Luckily, there are ways to do that – Cisco routers and switches already have “application-aware” technologies and don’t require any additional purchases – including IP Service Level Agreement (IP SLA), Class Based Quality of Service (CBQoS), and Network Based Application Recognition (NBAR).

Managing Application Response Times with Cisco IP SLA

Now, measuring real application transactions is the most accurate method for measuring response times. But, failing that, you can use Cisco IP SLA to create synthetic transactions. This is not only useful when on an IT budget crunch but can also provide useful data when assessing whether or not to roll out a new application, or measuring a service provider’s SLA edge-to-edge.

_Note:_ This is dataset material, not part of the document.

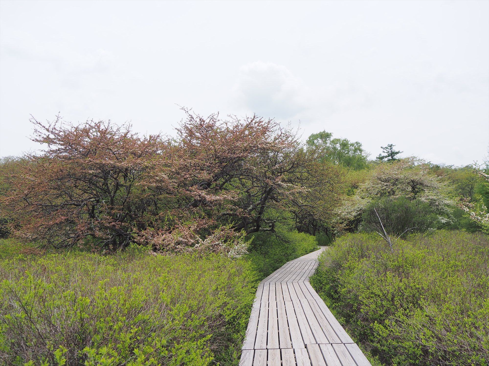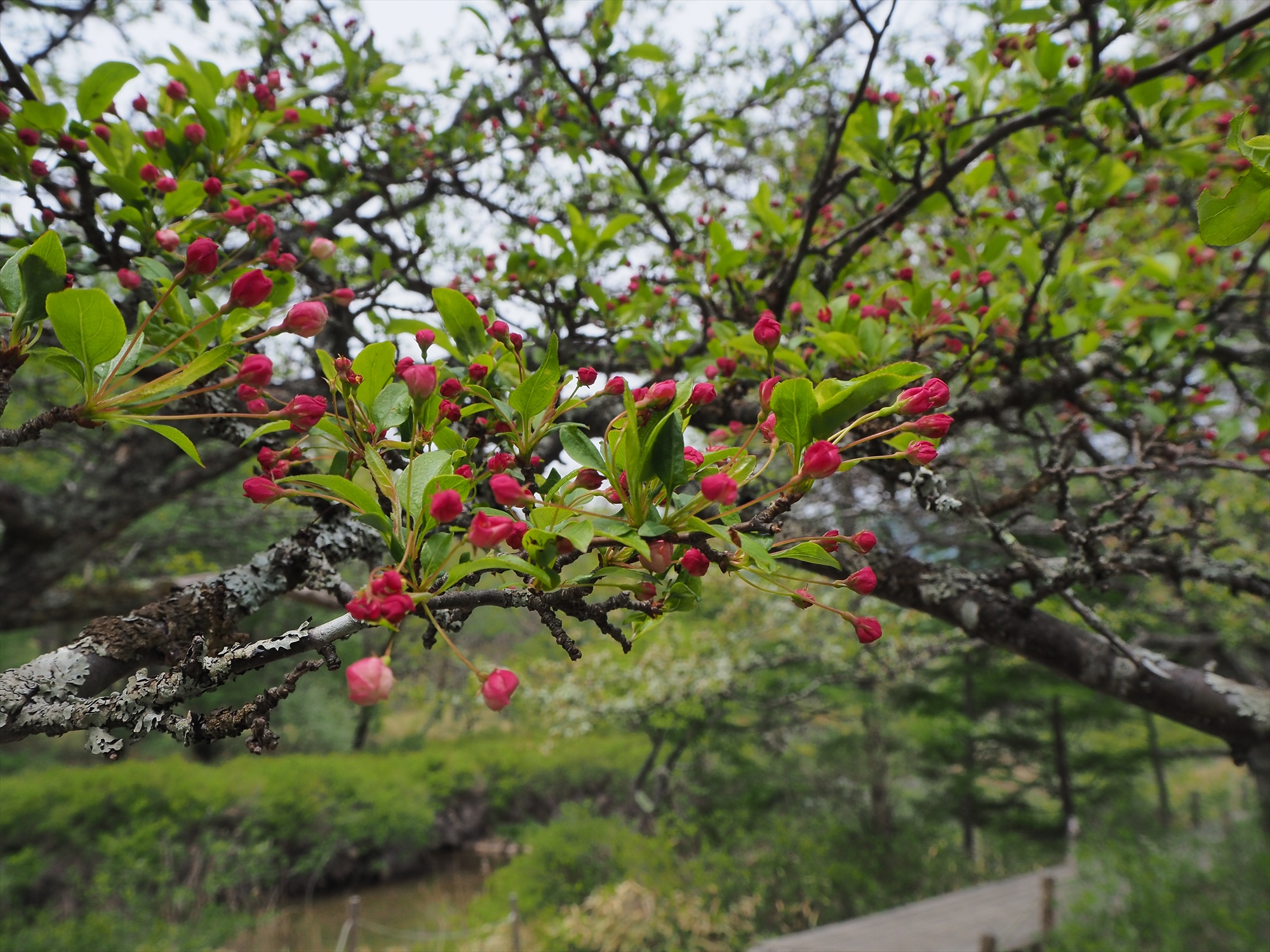 カラマツやズミ自身の新緑の中に、無数のつぼみの赤色が濃く映えて、新緑一色の戦場ヶ原でひときわ目立っていました。

IP SLA operates by sending synthetic transactions between two network devices or between a network device and a server. It can be configured to send different types of synthetic transactions based on port, packet size, type of service, and even more advanced characteristics, as is the case with Voice over Internet Protocol (VoIP) tests. When it gets a response, the sender then calculates the response-time metrics appropriate for the test type, and then repeats multiple times.

Some SNMP polling products can collect data automatically, store it in a database, display the results in a GUI, and provide analytical function beyond data collection, such as calculating baselines, displaying trends, and triggering threshold alerts based on collected IP SLA data. There’s also the possibility of simply getting the information from the CLI, but extracting the IP SLA response-time metrics and copying them to a spreadsheet can be difficult and tedious. However, for the extremely budget-conscious, it can be done.

Deploying Quality of Service with Cisco CBQoS

QoS is a blanket term for network policies and practices that help to manage different types of data traffic that share network links. Effectively, QoS determines how different types of traffic, with different priorities, are handled whenever tradeoffs that are likely to impede performance must be made.

Now, within any enterprise, the end-user experience with certain applications will always be more critical than it is with others. Strategies to avoid (or at least manage) congestion could include dropping traffic, adjusting application responses, and building packet queues. CBQoS is one way to do this – and comes with the CBQoS Management Information Base (MIB) to collect statistics about the traffic traversing the router and reports how the QoS configuration is being applied.

Here, an SNMP polling product with application-aware capabilities can get information on input and output QoS class map utilization, drop percentage, and packet counts. It can also get information on pre-versus-post QoS traffic volume, rate, and packet count. It can also point out traffic marked in conformance, in excess, and in violation of defined policies.

Without CBQoS, network managers don’t have a whole lot of evidence to verify that their QoS settings are actually improving network performance – in fact, they may even be inadvertently harming performance. CBQoS prevents network managers from flying blind with QoS deployments. And, like IP SLA, it’s built into Cisco IOS.

Gaining a New Level of Visibility with Cisco NBAR

From within the network device operating system, Cisco NBAR can inspect packets traversing the device and identify the corresponding application – for example, TCP traffic running on port 80 could be labeled as Google, SAP, SharePoint, SalesForce, etc. NBAR can also provide utilization, volume, and rate metrics on a per-application basis relative to the network circuit carrying the traffic.

It’s similar to NetFlow, but NetFlow identifies protocol traffic mixes – not application-layer visibility. NBAR identifies by application – which is important in setting proper QoS policies. And because NBAR is part of Cisco’s IOS, and the data can be collected with an application-aware SNMP poller (which many of you already have), it can be a more cost-effective solution than application discovery hardware.